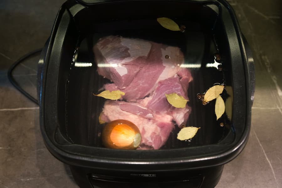 Опустили заготовки в чашу, налили воду до максимальной отметки и включили режим Sous Vide с нагревом в 64 °C. На самом деле нам были нужны 58 °C, но мы проводили измерения заранее и выяснилось, что аэрогриль недогревает до заданного уровня как раз 5-6 °C. Так как мы уже знали, что вода до этой температуры нагревается в чаше в течение получаса, а томить мясо мы планировали 8 часов, выставили 8,5.
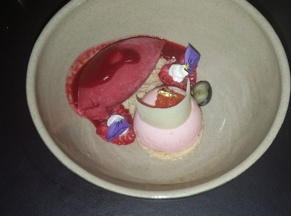 Crème mascarpone/rose, glace tomate/framboise et biscuit ghriba. Un joli pré dessert frais et vif avec une belle association tomate/framboise, la douceur du crémeux mascarpone/rose, sans oublier le crumble de ghriba, biscuit traditionnel, qui apporte de la texture.
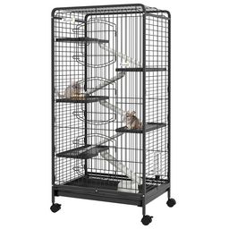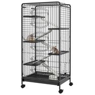 Cage pour petits animaux roulante 5 rampes 5 plateformes gamelle distributeur eau plateau amovible métal PP noir

Work task:
Exactly as written, set down the lines from the line holding "Crème mascarpone/rose, glace" to the last line of the data, both ends included, pictures excluded.

Response:
 Crème mascarpone/rose, glace tomate/framboise et biscuit ghriba. Un joli pré dessert frais et vif avec une belle association tomate/framboise, la douceur du crémeux mascarpone/rose, sans oublier le crumble de ghriba, biscuit traditionnel, qui apporte de la texture.
 Cage pour petits animaux roulante 5 rampes 5 plateformes gamelle distributeur eau plateau amovible métal PP noir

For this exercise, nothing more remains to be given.